Materials provided
··········
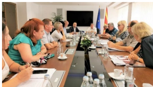
состаноци на работната група за Законот за јавно обвинителство

На тринаесетта седница на Советот за имплементација на Стратегијата за реформи во правосудството, на која Блупринт групата имаше свој претставник, беше разговарано за решенијата за статусот на јавното обвинителство кое е во план да се формира, а би било надлежно за гонење на висока корупција, за прашањата поврзани со Специјалното јавно обвинителство, како и за критериумите за избор на јавни обвинители.
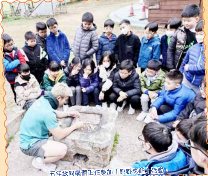
五年級同學們正在參加「原野烹飪」活動，他們很留心聆聽導師講解生火的方法呢！

五年級及六年學生分別於一月及五月參加了以「互助友愛闖難關」為主題的戶外教育營，地點為香港中華基督教青年會烏溪沙青年新村。此營地擁有優良的大自然環境及完善的設施，學生在體驗戶外學習之餘，亦透過歷奇活動、紀律、團隊及其他的訓練，學習及提升個人管理、溝通協作、解難及抵抗逆境的能力。此外希望藉着團體生活，鼓勵學生互相照顧，發揮團隊精神。教育營的活動豐富多采，除了有講求解難協作的歷奇活動外，還有為同學們帶來新體驗的「原野烹飪」。晚上更有晚會同樂，讓同學們進行集體康樂活動或才藝表演，增進友誼。
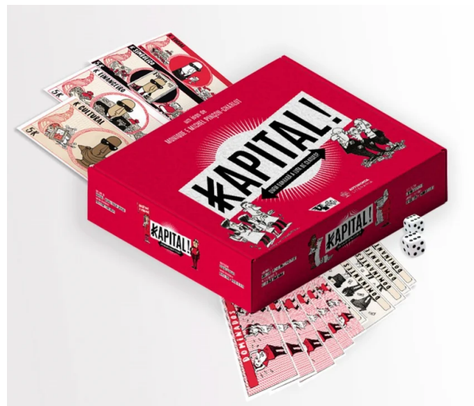
FIGURA 2: Jogo Kapital.

Para a construção desses jogos-cartográficos, os alunos foram apresentados a alguns outros jogos existentes. Em uma das aulas, dedicada a isso, eles dividiram-se em grupos e passaram a tarde jogando o “Kapital!: quem ganhará a luta de classes?” e o “oKupa: Juventude, Cidadania e Ocupação da Cidade” (FIG. 2 e FIG. 3). Cada um desses jogos têm propostas, modos de jogar e mecânicas diversas, o que foi interessante para sensibilizar os alunos que, adiante, criariam seus próprios jogos em conjunto. Na criação dos alunos, foi possível perceber reflexos desses dois jogos apresentados e jogados em aula, como também as perguntas disparadoras do método cartográfico, estudado na primeira atividade.
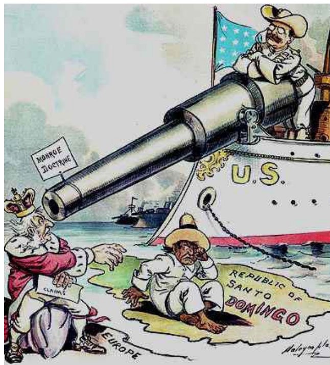
Caricatura que expresa la "defensa" de los territorios latinoamericanos por parte de la Doctrina Monroe.

Esta enmienda representó también, dos posiciones extremas en las relaciones del continente y las potencias a nivel mundial. La primer posición, estableció la intervención estadounidense como militarmente necesaria, de tipo neocolonial y extremadamente hegemónica en cada uno de los países latinoamericanos. La segunda por otra parte tendió a criticar y desconfiar de las intenciones de los Estados Unidos, al querer imponerse sobre las potencias de Europa, negar la posibilidad de independencia de los países del sur y cerrar los mecanismos y libertades económicas del continente.
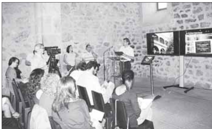
La presentación a los medios fue en la iglesia de San Martín

En la mañana del jueves 27 de septiembre la delegación de Patrimonio de la Diócesis de Plasencia presentó a los medios de comunicación, en la iglesia de San Martín, una nueva app de Turismo Religioso.
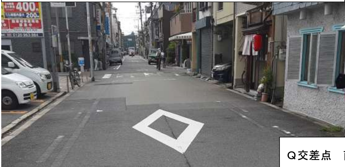
Q交差点 南北道路南側から北向き
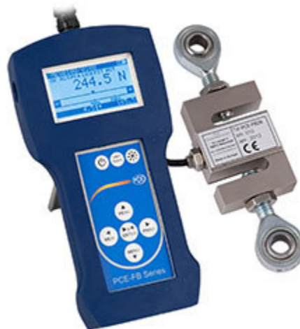
Dinamometro della serie PCE-FB K con cella di carico esterna
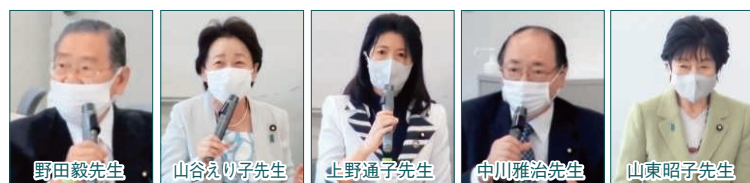
▲忙しい時間を割いてご挨拶いただいた栄養士議員連盟役員の先生方。
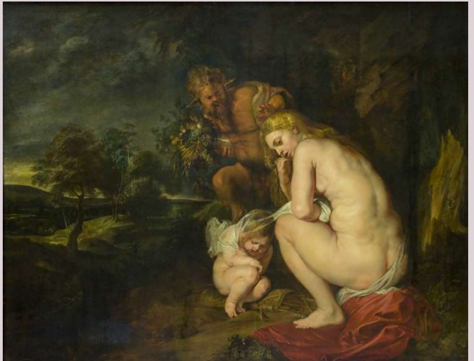
Peter Paul Rubens, Venus Frigida , 1611, olio su tavola, 145x185 cm., Anversa, Koninklijk Museum voor Schone Kunsten
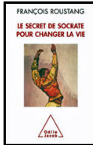
Le secret de Socrate pour changer la vie
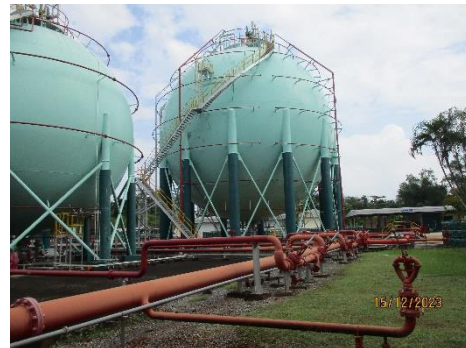
ภาพที่ 2-20 ระบบฉีบน้ำดับเพลิงบริเวณถังเก็บ ก๊าซปิโตรเลียมเหลว
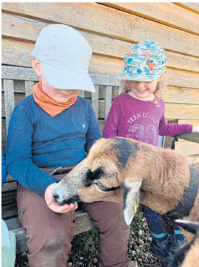
Kinder der Einrichtung bei der Versorgung unserer Schafe

Kindliche Faszination: Wenn Träume auf zarten Samen fliegen
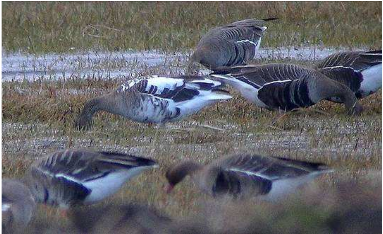
Leucystyczna gęś białoczelna koło Płochowa

27.03 - 1 leucystyczna, Płochowo, gm. Goniądz, pow. moniecki (G. Grygoruk, W. Piechowski).
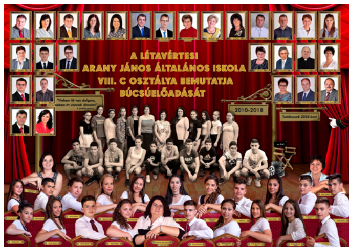
Arany János Iskola 8. c osztály

A tablóképek színesben, nagyobb méretben: www.letavertes.hu /Település/ Oktatás / Iskolák oldala – Fotók: Boros – Szima Beáta
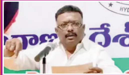
ధరణి బాధితులకు అందగా కాంగ్రెస్ వారం రోజుల పాటు ధూ వరిరక్షణ ఉద్యమం
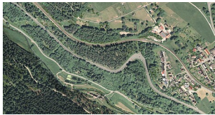
Westportal 2 D Bestand
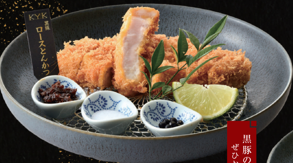
霧島黒豚 ロースとんかつ膳 〈110g〉2,580円

料理内容 黒豚へれとんかつ (40g×3個) 小鉢2種・小とん汁 (又はお味噌汁)・香の物 ビュッフェ付
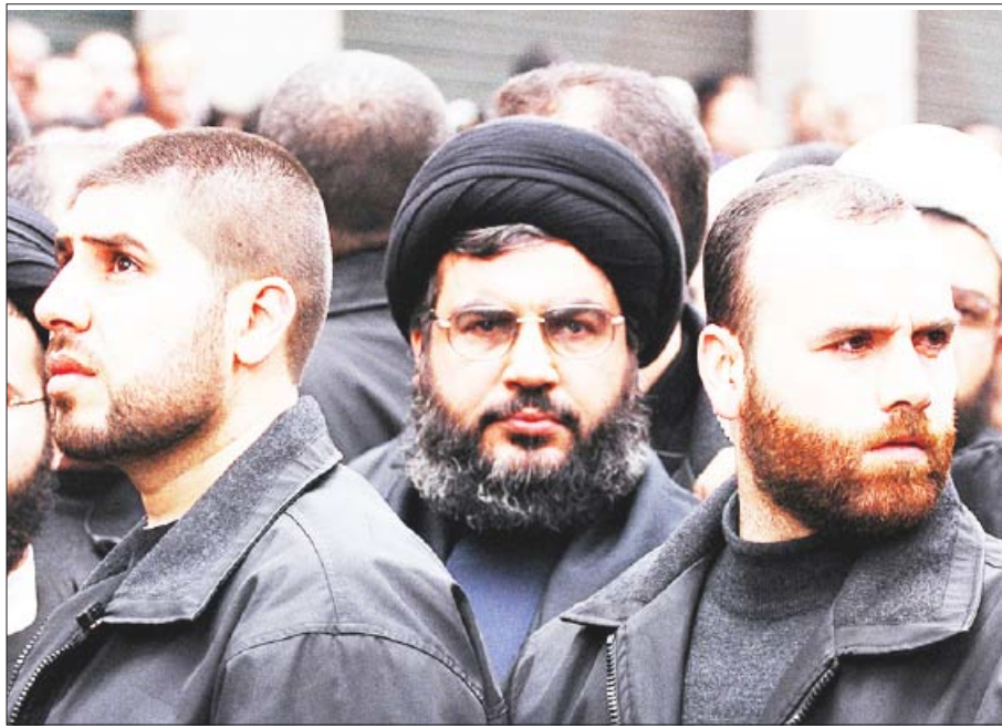
حسن نصر الله بين جنوده في بيروت

عون حساباته كشخصية سياسية لبنانية. ولكن الخطير هو إقحام شيعة لبنان في هذه المغامرة، حيث انخرط المجلس الإسلامي الشيعي الأعلى في الصراع الجاري وجبر تحركات حزب الله ضد الحكومة من منطلق طائفي، من خلال التأكيد على رفضه تهميش الطائفة على يد حكومة غير شرعية. وتم كل ذلك (بيان المجلس وخطاب الشيخ قبلا)، يوم الخميس وقبيل خطاب السيد حسن نصر الله، مما أعطى لهذا الأخير "مصادقية طائفية" إن صح التعبير، إضافة إلى المصادقية المعلنة كمقاومة. وكان الأخرى بممثلي الطائفة الشيعية أن يناوؤا بأنفسهم عن الصراعات السياسية وأن لا يخوضوا في موضوع الولاء أو عدم الولاء لإيران، فهم قبل كل شيء ممثلون لمواطنين لبنانيين ومن حق كل كيان تمثيلي للشعبية أن تكون له علاقات بإيران، إلا أن ربط نفسه بالسياسة الإيرانية بشكل خطا كبيرا بحق
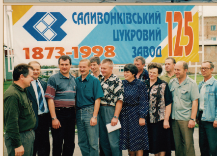
Святкування 125-річчя заводу, 1998 рік

вати свої позиції на цукровому ринку України, поступово формуючи сировинну зону, зменшуючи собівартість виробництва. Завод самостійно почав вирощувати цукрові буряки на орендованих площах у 2 тисячі гектарів. З цією метою у 1998 році на заводі було створено структурний підрозділ з виробництва сільськогосподарської продукції.
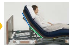
ハイバック20°+ローバック45°
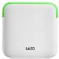
Die Clay Wandler sind in den Farben Weiß und Schwarz erhältlich

Die Clay Wandler beziehen all jene Türen in die Zutrittslösung ein, an denen kein Clay Zylinder oder Beschlag angebracht werden kann, z. B. automatische Türsysteme an Haupteingängen, Schranken oder Aufzüge etc. Für den Innen- und Außeneinsatz geeignet. Die Clay Wandler benötigen wegen der Ansteuerung der Türen als einzige Clay Komponente eine Verkabelung.
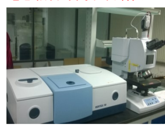
红外光谱仪-红外显微镜
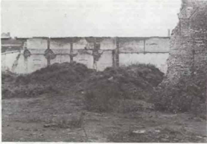
Hier komt het zwembad.

De bouw van het VUB-zwembad, gepland aan de Triomfplaan, kan bijna aanvangen. De bouwplannen zijn voltooid, ingediend en goedgekeurd. De noodzakelijke gelden zijn toegekend. Alleen de formele bouwvergunning van de gemeente Oudergem laat op zich wachten. Technisch is alles in orde, maar het zwembad vormt slechts een deel van de ingewikkelde problematiek rond de Koninklijke
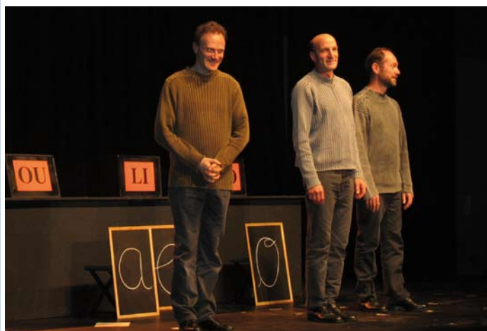
On a failli refuser du monde, la salle était bondée pour une prestation époustouflante du Théâtre de l'éveil autour des textes truffés de jeux de mots qui ont fait rire petits et grands.
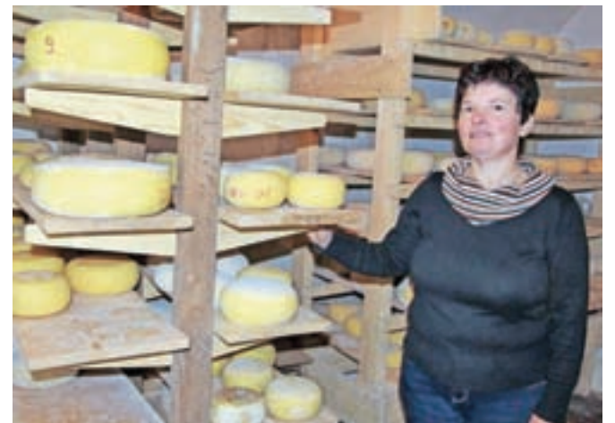
Glavna sirarka Danica v zorilnici sira

metrov gozdnega drevja. A še preden so veliko večino poškodovanega drevja pospravili, že se jim je odprla nova »fronta« – boj z lubadarjem, ki se je v poškodovanih in oslabilih gozdovih pretirano namnožil in je doslej napadel že okrog tisoč kubičnih metrov smreke. »V gozdu vse delamo sami, tako lahko tudi hitreje ukrepamo. Če bi najemali izvajalce,
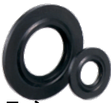
シールワッシャー
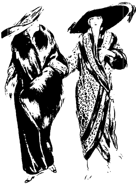
Fig. 6. Big hats, hobble skirts and Grand Dame Image, The Historical Mode , p. 20.

1922년 12월 6일자 Outlook 에 실린 기사 'A Flapper's Appeal To Parents'의 내용을 보면 그들의 저항적 사고에 대해 기성세대들의 이해를 구하고 있다. "의모로 판단할때 나는 플래퍼로 간주되
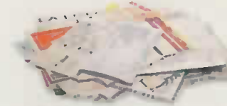
courriers, lettres, impressions
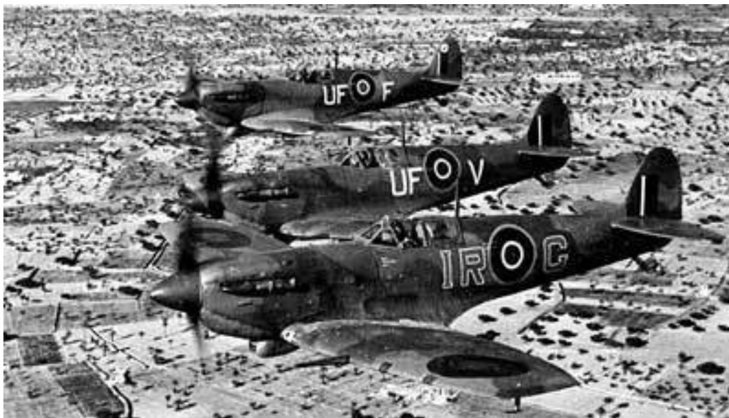
В конце марта 1940 года Франция и Великобритания приняли решение о нанесении удара по советским нефтепромыслам
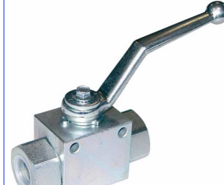
staal gereduceerde doorlaat fig 169 1/4"-1/2" bsp : PN500 3/4"-1 1/4" bsp : PN315
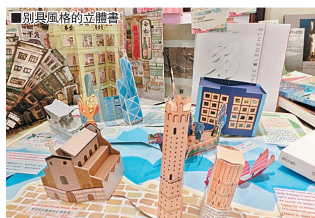
■別具風格的立體書

書籍，當中包括五家香港印刷企業特別為「香港館」度身訂造，展現香港特色面貌的立體書籍，藉此彰顯香港印刷的精巧技術及跳出框框的創意設計，有助香港印刷商向海外業界及讀者展示實力，締造商機。參與傳媒午餐聚會的立法會議員馬逢國表示，自己深刻體會到香港的文化創意產業已經取得了很大的成就，設立「香港館」，有組織、具規模，令業界能夠以團隊方式整體出席國際文化活動，大力幫到了業界，也
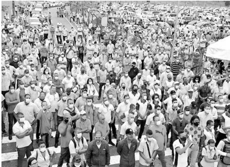
Protesta en Camacari, Brasil, el 12 de enero, contra cierre de fábricas de autos de la Ford.
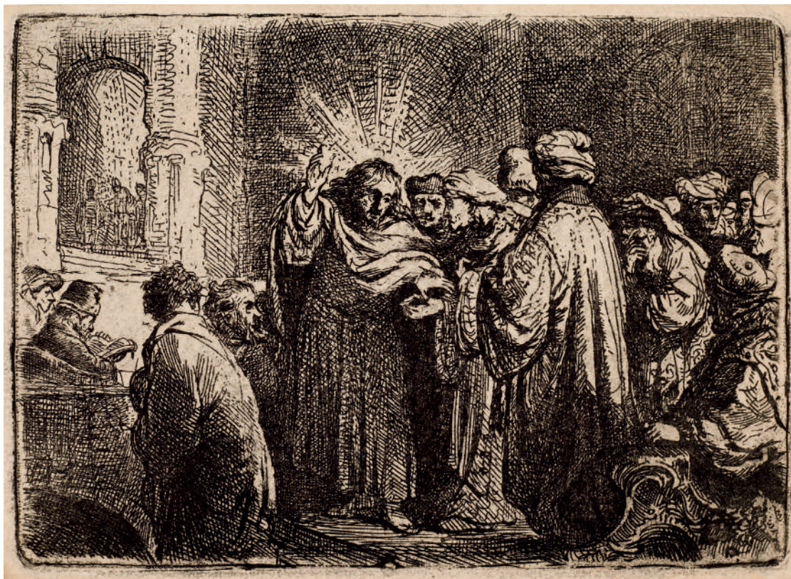
O Dinheiro do Tributo // 1635 Água-forte.
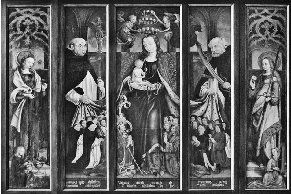
16. Meister von Sankt Severin: Schutzmantel-Triptychon über dem Altar der Rosenkranzbruderschaft, um 1500, Dominikanerkirche St. Andreas, Köln
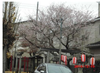
田中稲荷神社の桜
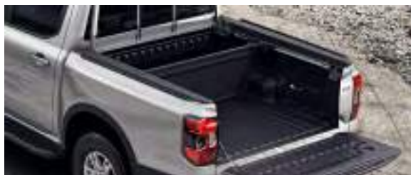
RUCHOMA PRZEGRODA SKRZYNI ŁADUNKOWEJ 2 500 zł dla wersji XL, XLT, Tremor 1 750 zł dla pozostałych wersji
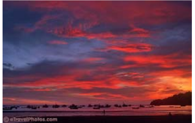
Coucher de soleil à San Juan Del Sur
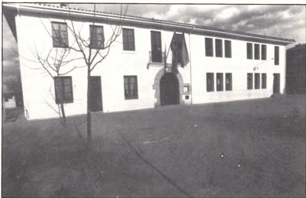
Edifici Municipal. Edificio Municipal.
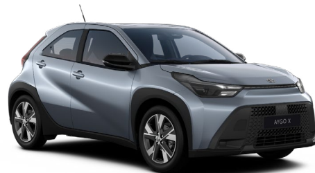
1K3 Modrošedá metalický lak, dostupný pro verze Active a Comfort 10000 Kč
··········
With the pictures removed from your copy, retype the lines above from the one that contains "五年級及六年學生分別於一月及" through the one that contains "Para a construção", exactly.

五年級及六年學生分別於一月及五月參加了以「互助友愛闖難關」為主題的戶外教育營，地點為香港中華基督教青年會烏溪沙青年新村。此營地擁有優良的大自然環境及完善的設施，學生在體驗戶外學習之餘，亦透過歷奇活動、紀律、團隊及其他的訓練，學習及提升個人管理、溝通協作、解難及抵抗逆境的能力。此外希望藉着團體生活，鼓勵學生互相照顧，發揮團隊精神。教育營的活動豐富多采，除了有講求解難協作的歷奇活動外，還有為同學們帶來新體驗的「原野烹飪」。晚上更有晚會同樂，讓同學們進行集體康樂活動或才藝表演，增進友誼。
FIGURA 2: Jogo Kapital.

Para a construção desses jogos-cartográficos, os alunos foram apresentados a alguns outros jogos existentes. Em uma das aulas, dedicada a isso, eles dividiram-se em grupos e passaram a tarde jogando o “Kapital!: quem ganhará a luta de classes?” e o “oKupa: Juventude, Cidadania e Ocupação da Cidade” (FIG. 2 e FIG. 3). Cada um desses jogos têm propostas, modos de jogar e mecânicas diversas, o que foi interessante para sensibilizar os alunos que, adiante, criariam seus próprios jogos em conjunto. Na criação dos alunos, foi possível perceber reflexos desses dois jogos apresentados e jogados em aula, como também as perguntas disparadoras do método cartográfico, estudado na primeira atividade.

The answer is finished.